EXERCISE: With the pictures excluded, retype the records that follow exactly.
:: GIVEN DATA ::
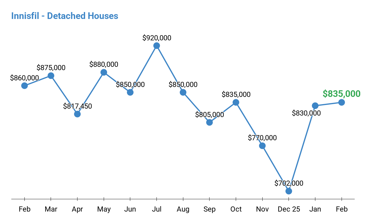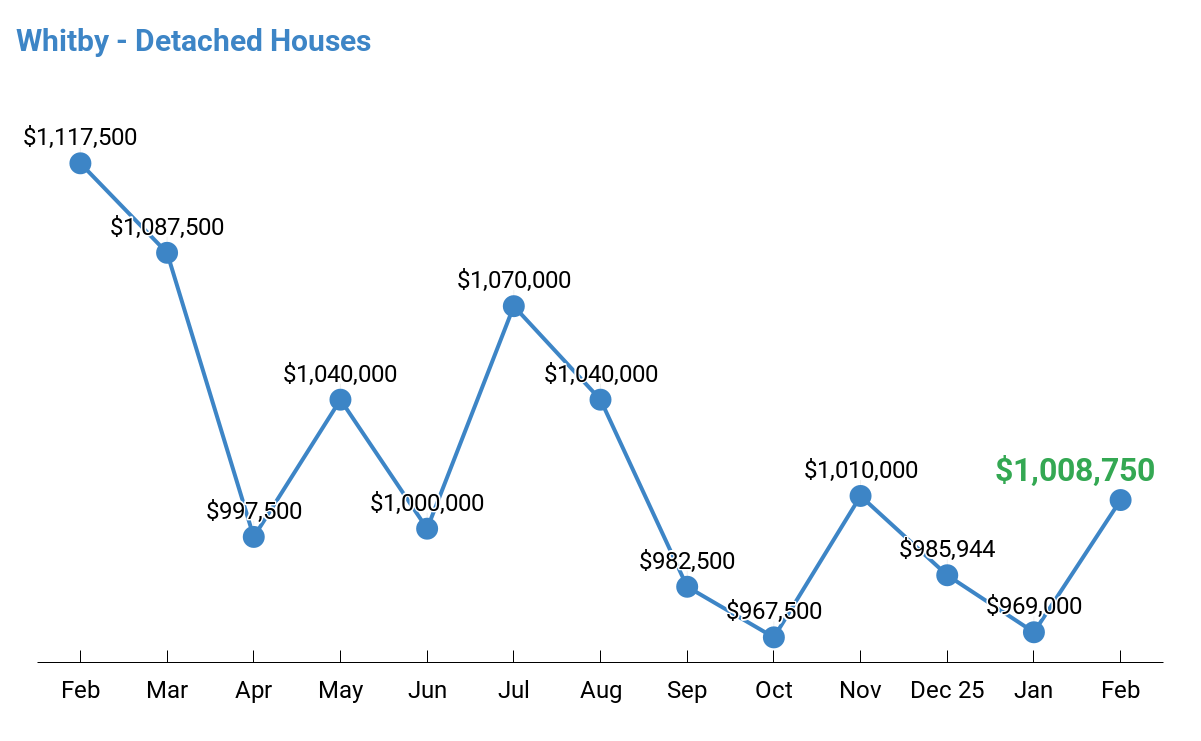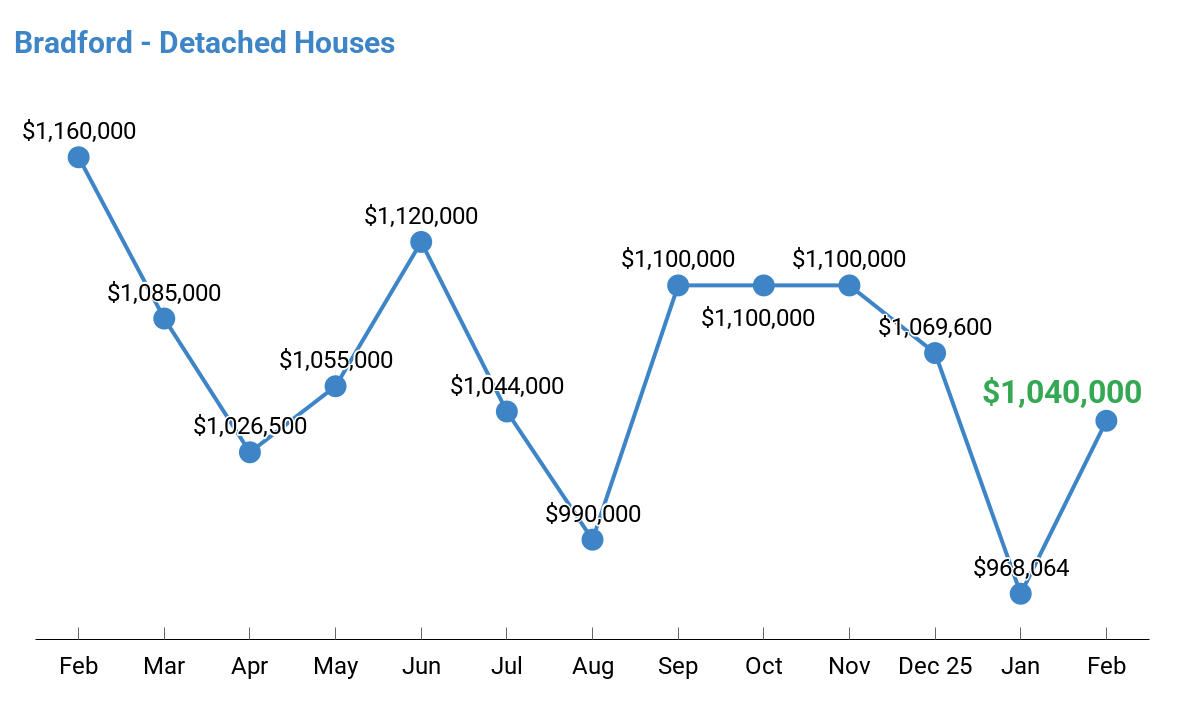 Цены на отдельностоящие дома (detached houses) выросли в городах Innisfil, Brampton, Whitby, Bradford, Pickering, Newmarket, Toronto West, Burlington, Vaughan и King.
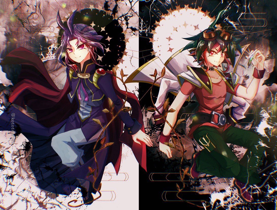 2boys coat collarbone goggles goggles_on_head green_hair jacket jacket_on_shoulders jewelry joeri_(yu-gi-oh!) kototourara male_focus medium_hair multicolored_hair multiple_boys orange_shirt pendant purple_coat purple_eyes purple_hair purple_jacket red_eyes red_hair sakaki_yuya shirt two-tone_hair white_jacket yu-gi-oh! yu-gi-oh!_arc-v
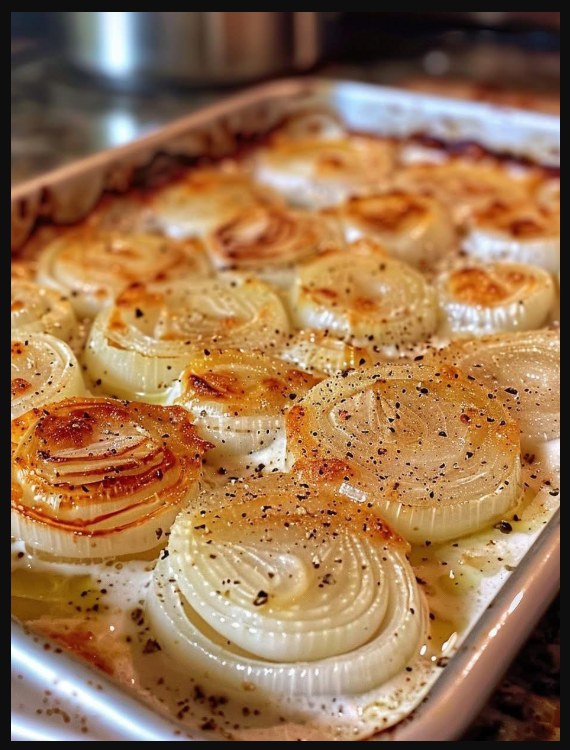 Transform humble onions into a gourmet side dish with this rich, savory recipe. Roasting brings out their natural sweetness, while a creamy Parmesan sauce adds luxurious texture and flavor. To make this dish, you’ll need sweet onions, heavy cream, white wine, Parmesan cheese, butter, olive oil, garlic powder, cayenne pepper, salt, and black pepper. Preheat the oven to 375°F and arrange the onion slices in a 9×13″ baking dish. Drizzle them with olive oil, and season with salt and pepper.
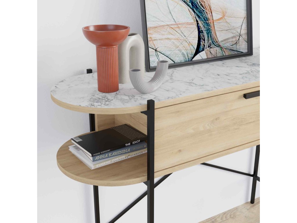 Vnesete do svého interiéru nádech modernosti s LUNA, konzolovým stolem, který kombinuje teplý dub s luxusní bílou Carrara. Tento stolek je ideální pro obývací pokoj i předsíň, kde se stane dominantním a stylovým prvkem.
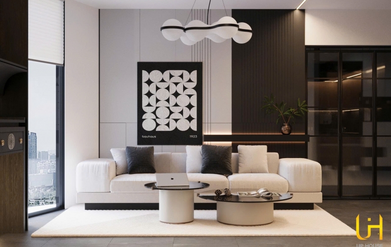 Phòng khách: Điểm nhấn là bộ sofa nỉ màu trắng kem nổi bật trên nền tường ốp gỗ đen sang trọng. Hệ đèn thả trần dạng bong bóng (Bubble Lamp) mang lại vẻ mềm mại, đối lập với sự mạnh mẽ của các mảng tường phẳng.
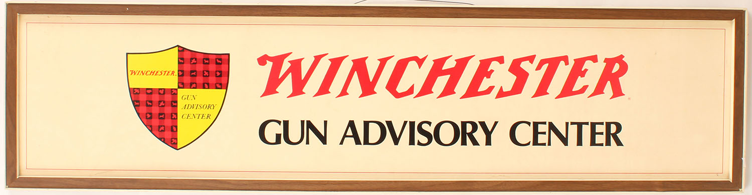 Winchester Gun Advisory Center sign, 42'' x 10 1/2'', wonderful condition. Grade: Excellent - Value: 40 to 200
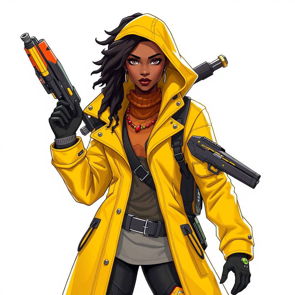 A dynamic woman in a vibrant yellow coat, armed with sleek, futuristic weaponry, embodies a blend of Loba Andrade from Apex Legends and a reimagined Lucio, as if transported into the Overwatch universe. Her style merges Apex Legends' edgy concept art with the lively ingenuity of Afrofuturism anime. Her presence echoes the formidable grace of Senna from League of Legends, yet her armor design draws inspiration from Brigitte's robust aesthetic in Overwatch. She stands as a valorant-like sentinel, with striking features and a bold stance, representing a seamless integration of various realms into a singular, captivating character.
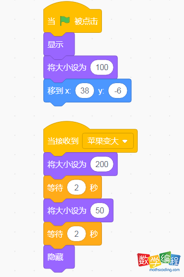 步骤三、广播“苹果变大”,当Apple角色收到苹果变大的消息,将苹果大小变为200,并等待2秒,接着苹果大小变成50,并保持2秒。
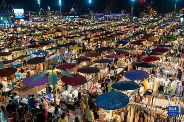 这是云南省西双版纳景洪市告庄西双景星光夜市(2023年2月12日摄)。新华社记者 陈欣波 摄
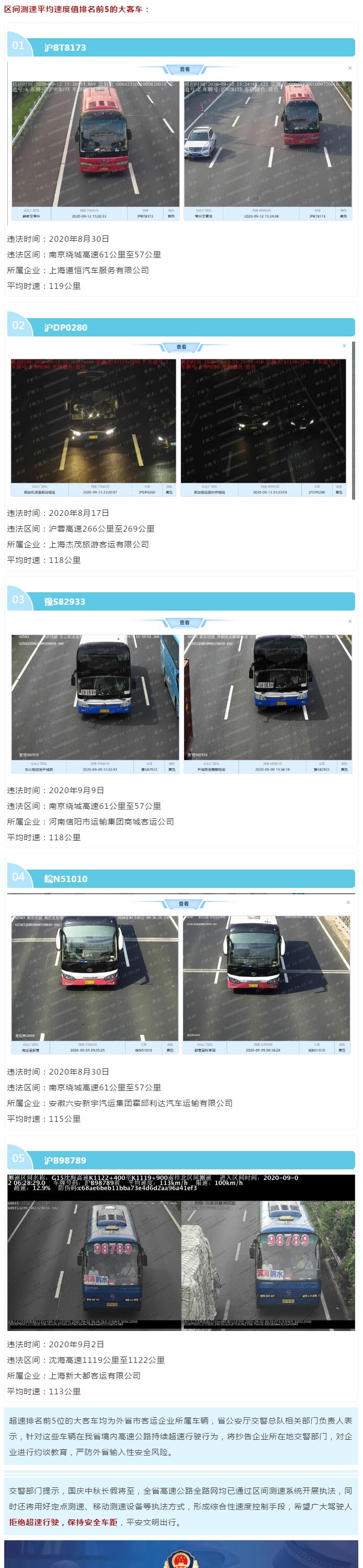 據(jù)悉,超速排名前5位的大客車均為外省市客運企業(yè)所屬車輛。省公安廳交警總隊相關部門負責人表示,針對這些車輛在江蘇省境內(nèi)高速公路持續(xù)超速行駛行為,將抄告企業(yè)所在地交警部門,對企業(yè)進行約談教育,嚴防外省輸入性安全風險。
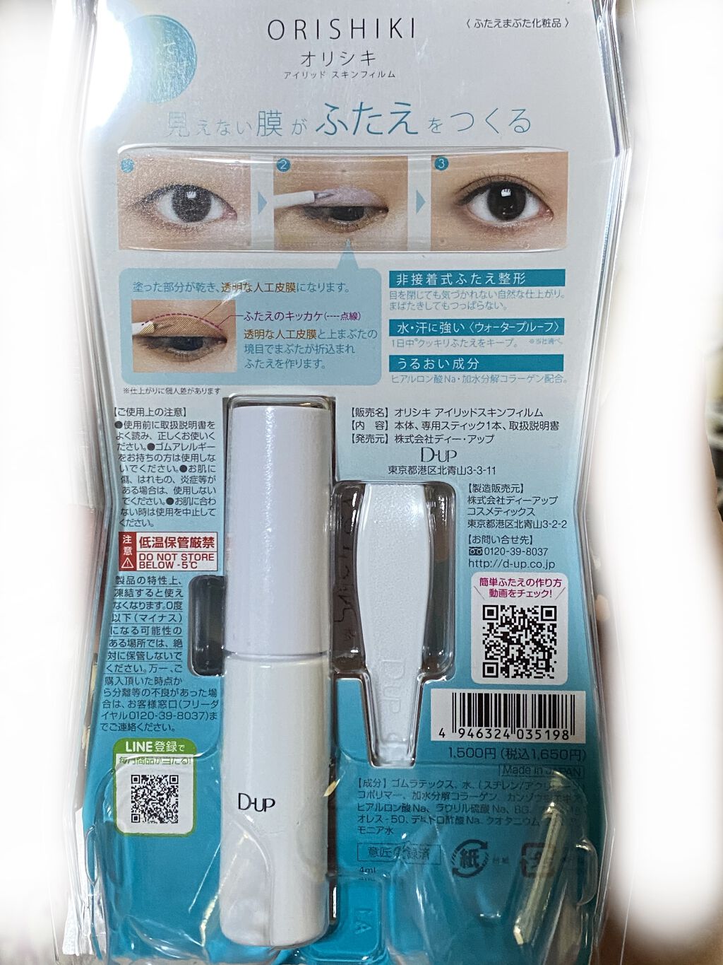 .D-UPオリシキアイリッドスキンフィルムEX#PRD-UPからパワーアップした『オリシキアイリッドスキンフィルムEX』が4月中旬に新登場🪄発売に際し先行で商品お試しさせていただきました。日によって二重だったり奥二重だったりでアイプチは試して...
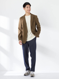 トリコット(ニット)コールが秋らしいカジュアルジャケット■デザインフロント二つ釦、胸ハコポケット、腰フラップポケット、総裏仕様、襟立て時のフラワープリントがアクセントになっています。■素材縦編みニットのポリエステルコーデュロイ素材です。綿のコーデュロイに比べ、起毛した毛が抜けにくく、ソフトな肌触りでストレッチ性にも優れた素材になっています。■コーディネートデニム調のスラックスと合わせることでモダンな英国カントリームードをお楽しみいただけます。また同素材のスラックスとのセットアップも可能です。
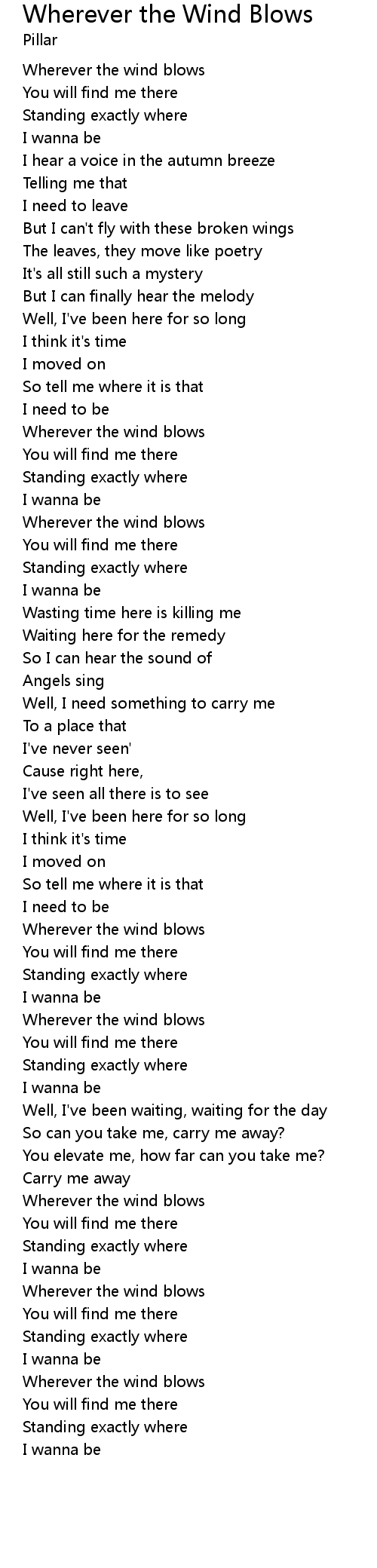 Wherever the wind blows |
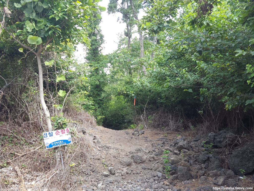 태양도 피하고, 냄새도 좋고, 눈도 평안하고, 새소리도 좋은 숲길이라 생각했지만, "경찰 순찰 중"이란 안내판을 보니 올레길을 혼자 걸으시는 분들 중에는 조금은 두려운 생각이 들 수도 있겠다 싶다.
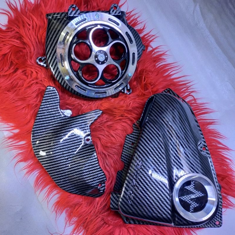 (3pcs) PAKETAN CARBON KIPAS SPINER/FILTER VELOSCOPE/KEONGAN HONDA BEAT SCOOPY VARIO FI STATER KASAR
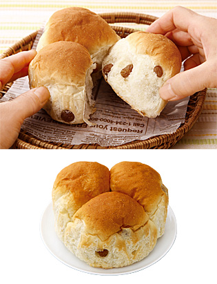 生地を3個組み合わせて型紙で焼き上げているので、ちぎりパンとして食べていただけます。
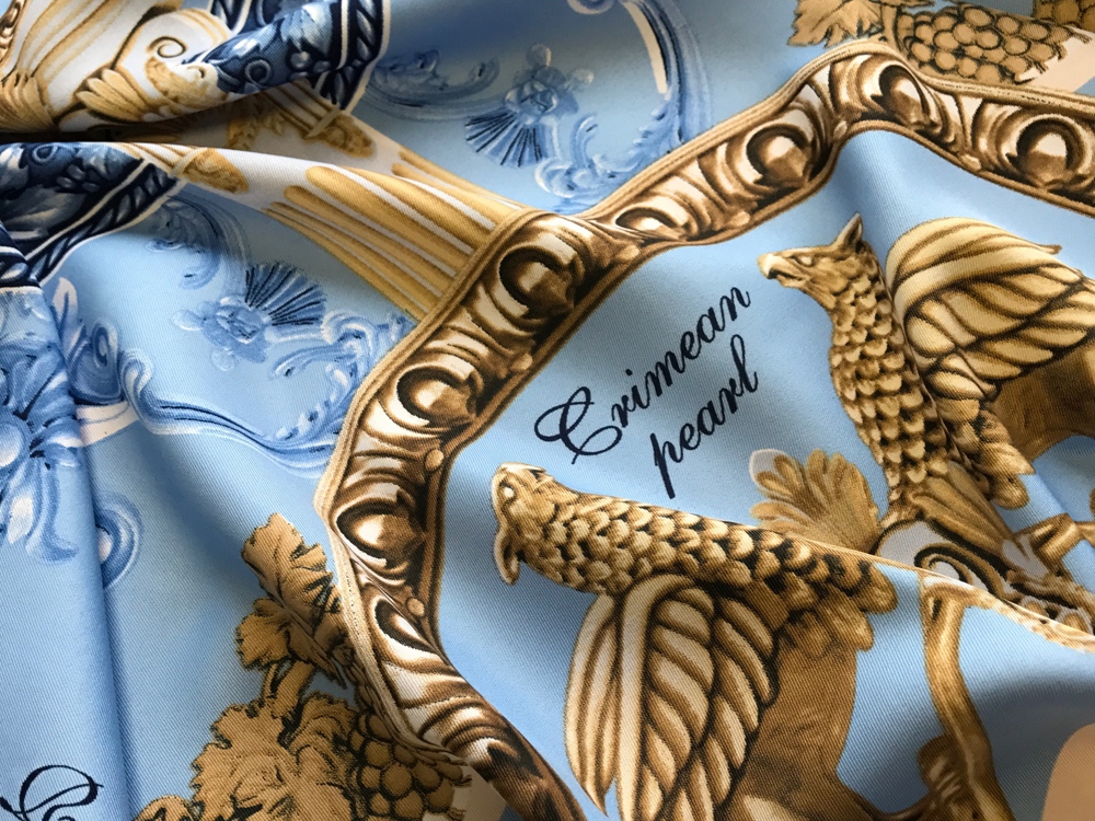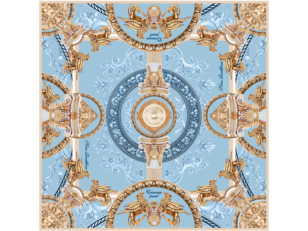 Общее решение платка соотносится с интерьерами церемониальных залов восхитительных крымских дворцов. Во все времена сильные мира сего возводили в Крыму выдающиеся произведения архитектурного мастерства. Колонны, барельефы и замысловатый декор многочисленных стилей и эпох - визитные карточки Крымского полуострова, они навсегда пленили моё сердце и душу. В центре композиции - драгоценная жемчужина - дар природы, символ уникальности Крыма, его неисчислимых богатств, красоты и щедрости. Дополнительно, именно жемчуг олицетворяет женское начало, совершенство и тайное знание, а также чистоту и возвышенность. Нежно-голубой фон цвета неба и воды обволакивает романтикой, морские канаты напомнят о могуществе Черноморского флота. Виноградные лозы, обрамляющие центральную композицию, расскажут об истории виноделия, которое зародилось в Крыму ещё в античные времена. Финальный штрих - царственные грифоны - символы могущества и власти, непоколебимо охраняющие великолепие райского уголка. Стражи сокровищ привносят законченность, утончённость и неподдельную роскошь в общую композицию и призваны охранять самую драгоценную жемчужину мира - прекрасную обладательницу платка. Советы по уходу: -Наши платки сделаны с душой и нуждаются в ответной душевной заботе и внимании. -Они практически не мнутся, очень приятные на ощупь, нежные и мягкие. Любят бывать на людях, посещать светские мероприятия, не выносят одиночества. -Всегда готовы к экспериментам и смелым сочетаниям. Прослужат верой и правдой долгие годы, никогда не выйдут из моды и всегда будут уместны и кстати. -Ручная стирка 40 градусов.
:::
OUTPUT FOR THIS TASK:
 Цены на отдельностоящие дома (detached houses) выросли в городах Innisfil, Brampton, Whitby, Bradford, Pickering, Newmarket, Toronto West, Burlington, Vaughan и King.
 2boys coat collarbone goggles goggles_on_head green_hair jacket jacket_on_shoulders jewelry joeri_(yu-gi-oh!) kototourara male_focus medium_hair multicolored_hair multiple_boys orange_shirt pendant purple_coat purple_eyes purple_hair purple_jacket red_eyes red_hair sakaki_yuya shirt two-tone_hair white_jacket yu-gi-oh! yu-gi-oh!_arc-v
 Transform humble onions into a gourmet side dish with this rich, savory recipe. Roasting brings out their natural sweetness, while a creamy Parmesan sauce adds luxurious texture and flavor. To make this dish, you’ll need sweet onions, heavy cream, white wine, Parmesan cheese, butter, olive oil, garlic powder, cayenne pepper, salt, and black pepper. Preheat the oven to 375°F and arrange the onion slices in a 9×13″ baking dish. Drizzle them with olive oil, and season with salt and pepper.
 Vnesete do svého interiéru nádech modernosti s LUNA, konzolovým stolem, který kombinuje teplý dub s luxusní bílou Carrara. Tento stolek je ideální pro obývací pokoj i předsíň, kde se stane dominantním a stylovým prvkem.
 Phòng khách: Điểm nhấn là bộ sofa nỉ màu trắng kem nổi bật trên nền tường ốp gỗ đen sang trọng. Hệ đèn thả trần dạng bong bóng (Bubble Lamp) mang lại vẻ mềm mại, đối lập với sự mạnh mẽ của các mảng tường phẳng.
 Winchester Gun Advisory Center sign, 42'' x 10 1/2'', wonderful condition. Grade: Excellent - Value: 40 to 200
 A dynamic woman in a vibrant yellow coat, armed with sleek, futuristic weaponry, embodies a blend of Loba Andrade from Apex Legends and a reimagined Lucio, as if transported into the Overwatch universe. Her style merges Apex Legends' edgy concept art with the lively ingenuity of Afrofuturism anime. Her presence echoes the formidable grace of Senna from League of Legends, yet her armor design draws inspiration from Brigitte's robust aesthetic in Overwatch. She stands as a valorant-like sentinel, with striking features and a bold stance, representing a seamless integration of various realms into a singular, captivating character.
 步骤三、广播“苹果变大”,当Apple角色收到苹果变大的消息,将苹果大小变为200,并等待2秒,接着苹果大小变成50,并保持2秒。
 这是云南省西双版纳景洪市告庄西双景星光夜市(2023年2月12日摄)。新华社记者 陈欣波 摄
 據(jù)悉,超速排名前5位的大客車均為外省市客運企業(yè)所屬車輛。省公安廳交警總隊相關部門負責人表示,針對這些車輛在江蘇省境內(nèi)高速公路持續(xù)超速行駛行為,將抄告企業(yè)所在地交警部門,對企業(yè)進行約談教育,嚴防外省輸入性安全風險。
 .D-UPオリシキアイリッドスキンフィルムEX#PRD-UPからパワーアップした『オリシキアイリッドスキンフィルムEX』が4月中旬に新登場🪄発売に際し先行で商品お試しさせていただきました。日によって二重だったり奥二重だったりでアイプチは試して...
 トリコット(ニット)コールが秋らしいカジュアルジャケット■デザインフロント二つ釦、胸ハコポケット、腰フラップポケット、総裏仕様、襟立て時のフラワープリントがアクセントになっています。■素材縦編みニットのポリエステルコーデュロイ素材です。綿のコーデュロイに比べ、起毛した毛が抜けにくく、ソフトな肌触りでストレッチ性にも優れた素材になっています。■コーディネートデニム調のスラックスと合わせることでモダンな英国カントリームードをお楽しみいただけます。また同素材のスラックスとのセットアップも可能です。
 Wherever the wind blows |
 태양도 피하고, 냄새도 좋고, 눈도 평안하고, 새소리도 좋은 숲길이라 생각했지만, "경찰 순찰 중"이란 안내판을 보니 올레길을 혼자 걸으시는 분들 중에는 조금은 두려운 생각이 들 수도 있겠다 싶다.
 (3pcs) PAKETAN CARBON KIPAS SPINER/FILTER VELOSCOPE/KEONGAN HONDA BEAT SCOOPY VARIO FI STATER KASAR
 生地を3個組み合わせて型紙で焼き上げているので、ちぎりパンとして食べていただけます。
 Общее решение платка соотносится с интерьерами церемониальных залов восхитительных крымских дворцов. Во все времена сильные мира сего возводили в Крыму выдающиеся произведения архитектурного мастерства. Колонны, барельефы и замысловатый декор многочисленных стилей и эпох - визитные карточки Крымского полуострова, они навсегда пленили моё сердце и душу. В центре композиции - драгоценная жемчужина - дар природы, символ уникальности Крыма, его неисчислимых богатств, красоты и щедрости. Дополнительно, именно жемчуг олицетворяет женское начало, совершенство и тайное знание, а также чистоту и возвышенность. Нежно-голубой фон цвета неба и воды обволакивает романтикой, морские канаты напомнят о могуществе Черноморского флота. Виноградные лозы, обрамляющие центральную композицию, расскажут об истории виноделия, которое зародилось в Крыму ещё в античные времена. Финальный штрих - царственные грифоны - символы могущества и власти, непоколебимо охраняющие великолепие райского уголка. Стражи сокровищ привносят законченность, утончённость и неподдельную роскошь в общую композицию и призваны охранять самую драгоценную жемчужину мира - прекрасную обладательницу платка. Советы по уходу: -Наши платки сделаны с душой и нуждаются в ответной душевной заботе и внимании. -Они практически не мнутся, очень приятные на ощупь, нежные и мягкие. Любят бывать на людях, посещать светские мероприятия, не выносят одиночества. -Всегда готовы к экспериментам и смелым сочетаниям. Прослужат верой и правдой долгие годы, никогда не выйдут из моды и всегда будут уместны и кстати. -Ручная стирка 40 градусов.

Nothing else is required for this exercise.